To do – Take the entries below and reproduce exactly the portion that begins at the line containing "资产重大变化方面,截至202" and ends at the line containing "Shefja e diplomacisë", keeping both ends, dropping pictures, and adding nothing else.

Data listing –
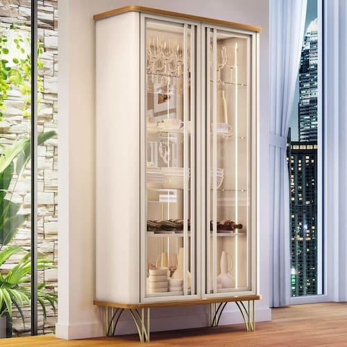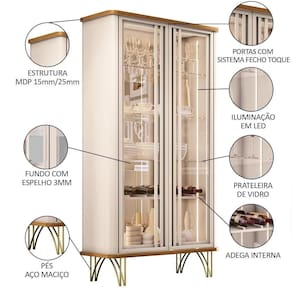 Ela possui portas de vidro emolduradas e cantos arredondados, que conferem um design moderno e harmonioso. O sistema de abertura e fecho toque facilita o manuseio e evita marcas de dedos nas portas. A iluminação LED nas laterais cria um efeito luminoso e valoriza os itens expostos. A Cristaleira conta ainda com três prateleiras de vidro de 6mm de espessura, e uma adega com divisórias para seis garrafas, perfeita para organizar seus vinhos favoritos. O fundo da cristaleira é revestido com espelhos de 3mm, que ampliam o espaço e refletem a luz. A estrutura da cristaleira é feita de MDF de alta qualidade, resistente e durável. Os pés de aço maciço em tom dourado complementam o visual sofisticado e garantem a estabilidade do móvel. A Cristaleira de Vidro é uma peça versátil e funcional, que pode ser usada na Sala De Jantar, na Sala De Estar ou no hall de entrada, dando um toque de charme e requinte ao seu ambiente.
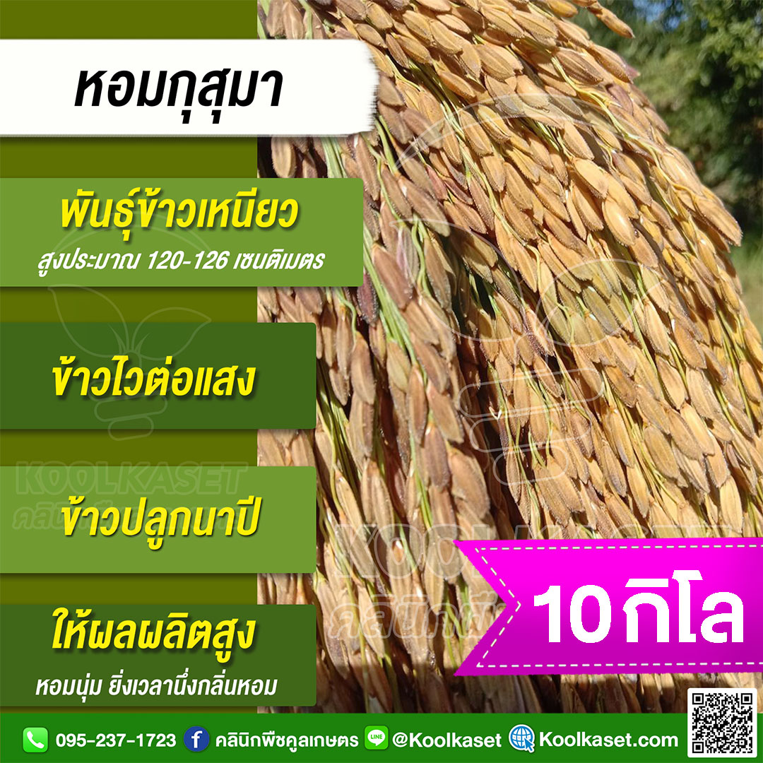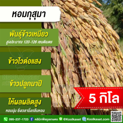 เมล็ดพันธุ์ข้าว ข้าวเหนียว พื้นเมือง หอมกุสุมา ไวแสง นาปี นุ่ม หอมฟุ้งคล้ายดอกไม้ 20 กก. คลินิกพืชคูลเกษตร KR75
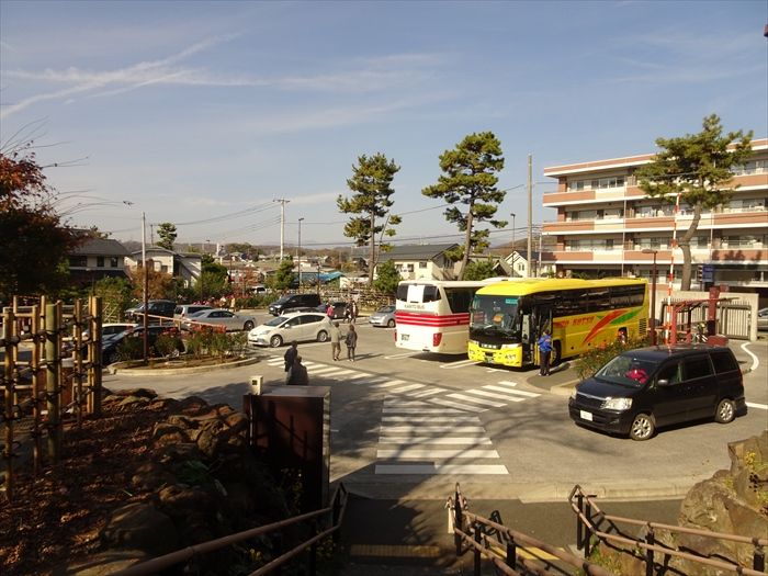 『旧吉田茂邸 駐車場』には休館にもかかわらず大型観光バスが2台も。
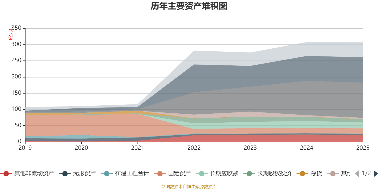 资产重大变化方面,截至2025年末,公司长期应收款较上年末减少16.94%,占公司总资产比重下降1.21个百分点;应收票据及应收账款较上年末增加2.26%,占公司总资产比重上升0.77个百分点;货币资金较上年末增加2.76%,占公司总资产比重上升0.68个百分点;合同资产较上年末增加17.23%,占公司总资产比重上升0.64个百分点。
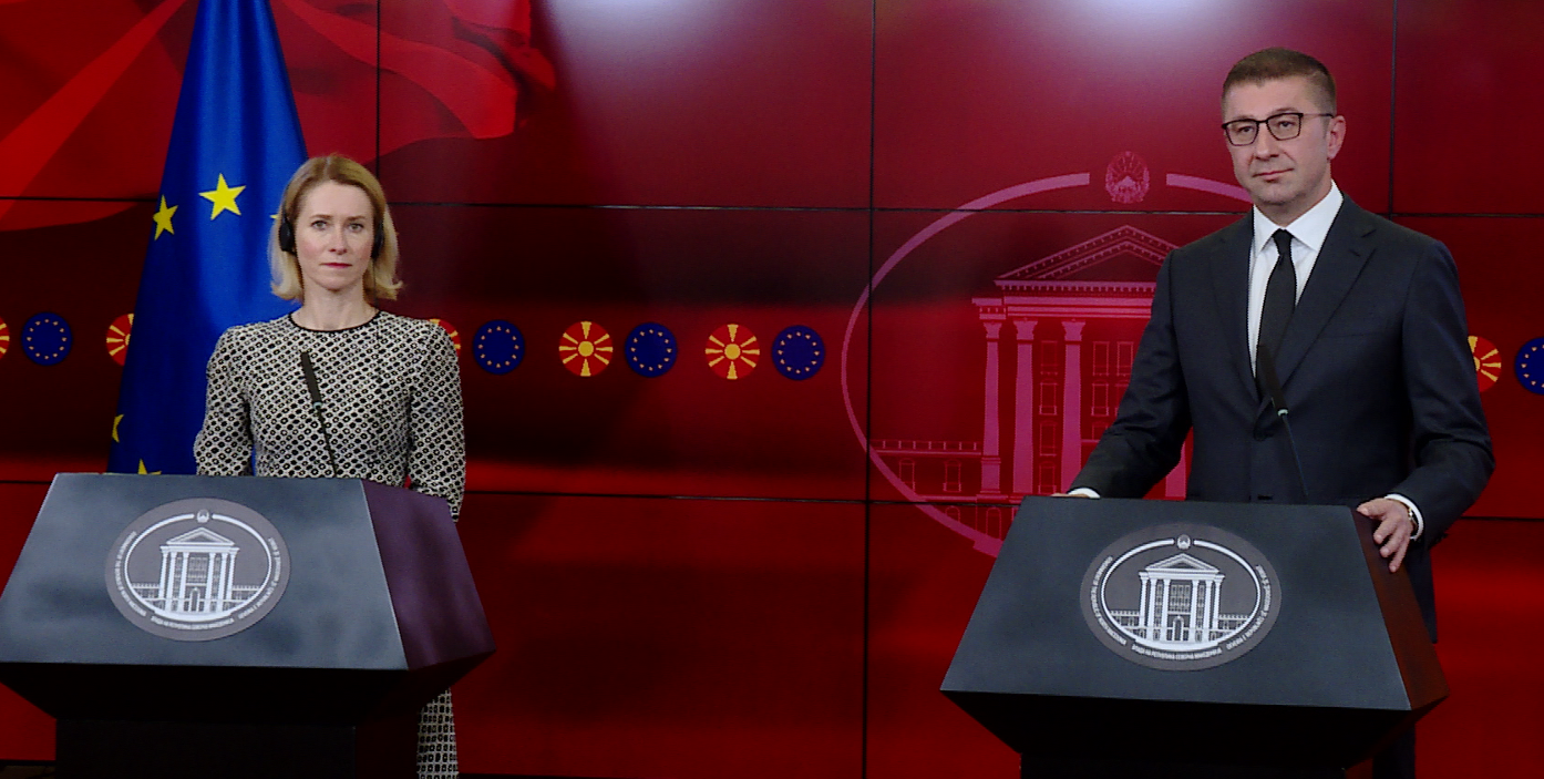 Shefja e diplomacisë së Bashkimit Evropian, Kaja Kallas pas takimit në Shkup me kryeministrin Hrisitjan Mickoski, paralajmëroi se ka mundësi për lëvizje, lidhur me bllokadën e rrugës së integrimit të Maqedonisë...
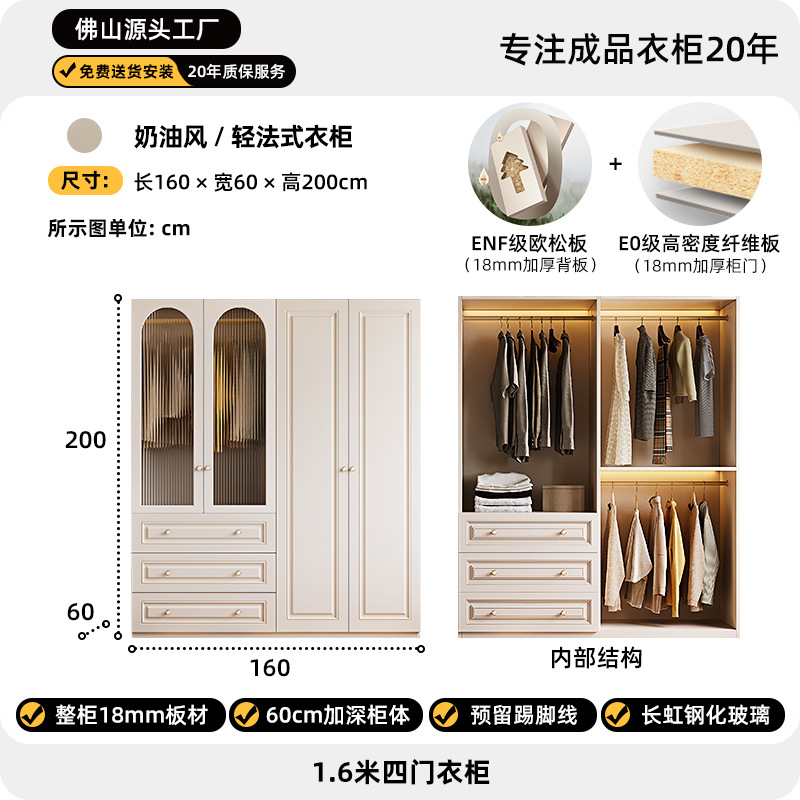 • 유리 모델/160CM 4도어 옷장 업그레이드 18MM 두께의 플레이트/크림 화이트/60CM 측면 너비

Your response –
 资产重大变化方面,截至2025年末,公司长期应收款较上年末减少16.94%,占公司总资产比重下降1.21个百分点;应收票据及应收账款较上年末增加2.26%,占公司总资产比重上升0.77个百分点;货币资金较上年末增加2.76%,占公司总资产比重上升0.68个百分点;合同资产较上年末增加17.23%,占公司总资产比重上升0.64个百分点。
 Shefja e diplomacisë së Bashkimit Evropian, Kaja Kallas pas takimit në Shkup me kryeministrin Hrisitjan Mickoski, paralajmëroi se ka mundësi për lëvizje, lidhur me bllokadën e rrugës së integrimit të Maqedonisë...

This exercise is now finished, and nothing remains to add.